HUSE - Hospital de Urgência de Sergipe Gov. João Alves Filho — Prova 2021
Lactente 08 meses, aleitamento misto com Ninho (SIC) e leite materno, admitido por GECA, sem febre, desidratado, com assaduras genitais devido a intensidade da diarréia, além de franca distensão abdominal e discreto eritema cutâneo difuso. Histórico de broncoespasmo com visita ao PSI por 4 vezes. Após ser transferido para a enfermaria, no terceiro dia de internamento hospitalar, observa-se manutenção da diarréia, mesmo com uso de antimicrobiano, probiótico e Zinco. Mãe extremamente reativa, refere que a cada dia a criança tem dejeções mais aquosas e fétidas, com rachas de sangue, mas sem muco. Identifique a assertiva que menos se adequa ao caso apresentado:
Lactente com GECA refratária, broncoespasmo, eritema cutâneo, diarreia sanguinolenta → suspeitar APLV.
A persistência da diarreia, mesmo com antimicrobiano, probiótico e zinco, associada a sintomas alérgicos (broncoespasmo, eritema cutâneo) e a introdução de leite de vaca (Ninho), sugere fortemente Alergia à Proteína do Leite de Vaca (APLV), e não uma GECA bacteriana refratária.

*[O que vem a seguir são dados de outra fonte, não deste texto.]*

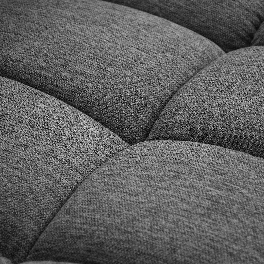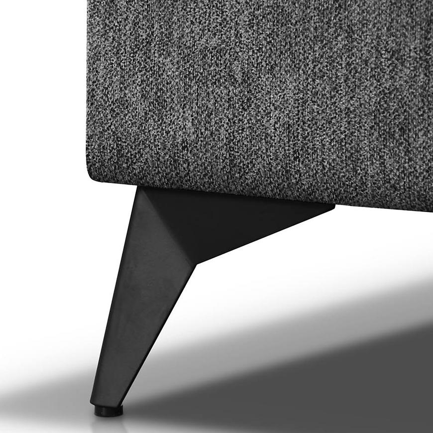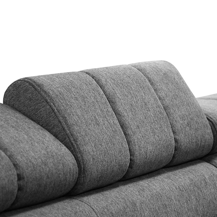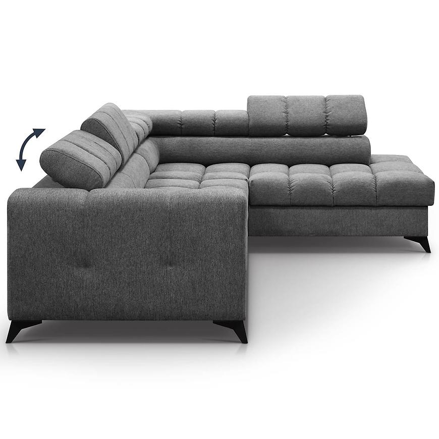 Narożnik Volf L Polaris 19 w szarym kolorze to nowoczesny narożnik w kształcie litery L o orientacji prawostronnej, o wymiarach 267x205 cm. Posiada funkcję spania z powierzchnią 200x125 cm i mechanizm rozkładania typu „delfin”. Siedzisko wypełnione sprężyną falistą ma wysokość 44 cm i głębokość 58 cm. Narożnik wyposażony jest w jeden pojemnik na pościel oraz regulowany zagłówek. Stoi na czarnych nogach, wymaga montażu i nie zawiera poduszek ani pufy w zestawie.
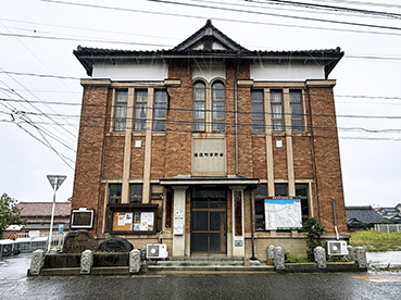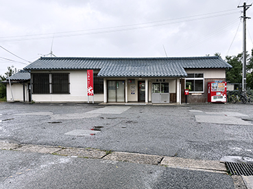 ▲激しい雨の中、ポンチョを着て歩く。 駅に行く前に「旧都野津町役場」に寄る。

A Alergia à Proteína do Leite de Vaca (APLV) é uma das alergias alimentares mais comuns na infância, afetando cerca de 2-3% dos lactentes. Sua apresentação clínica é variada, podendo envolver o trato gastrointestinal, pele e sistema respiratório. É crucial para o residente reconhecer os sinais e sintomas que fogem ao padrão de uma gastroenterocolite aguda (GECA) comum, especialmente quando há persistência da diarreia e histórico de exposição ao leite de vaca. No caso apresentado, a manutenção da diarreia apesar do tratamento para GECA bacteriana, a presença de broncoespasmo e eritema cutâneo difuso, e a introdução de leite de vaca (Ninho) em um lactente de 8 meses, são fortes indicativos de APLV. A diarreia com rachas de sangue sem muco também é um achado comum na enterocolite alérgica. A assertiva que menos se adequa é a que insiste em GECA bacteriana refratária, pois a etiologia alérgica é muito mais provável e exige uma abordagem dietética. O manejo da APLV envolve a exclusão completa da proteína do leite de vaca da dieta da criança e, se a mãe estiver amamentando, da dieta materna. Probióticos e zinco são úteis para a recuperação da mucosa intestinal, mas não tratam a causa alérgica. O leite de soja pode ser uma alternativa após os 6 meses, mas com cautela devido ao risco de reatividade cruzada. A melhora com a exclusão do leite de vaca é o principal critério diagnóstico e terapêutico.
A APLV pode se manifestar com sintomas gastrointestinais (diarreia persistente, sangue nas fezes, vômitos, distensão abdominal), cutâneos (eritema, urticária, eczema) e respiratórios (broncoespasmo, rinite). A associação de sintomas de múltiplos sistemas é altamente sugestiva.
O diagnóstico de APLV é clínico, baseado na exclusão do leite de vaca da dieta e na posterior melhora dos sintomas. Em alguns casos, pode-se realizar um teste de provocação oral sob supervisão médica para confirmar, mas a resposta à dieta de exclusão é o pilar.
O leite de soja não é recomendado para lactentes menores de 6 meses com APLV devido ao alto risco de reatividade cruzada (cerca de 30-50%). Após os 6 meses, pode ser considerado, mas fórmulas extensamente hidrolisadas ou de aminoácidos são geralmente as primeiras opções.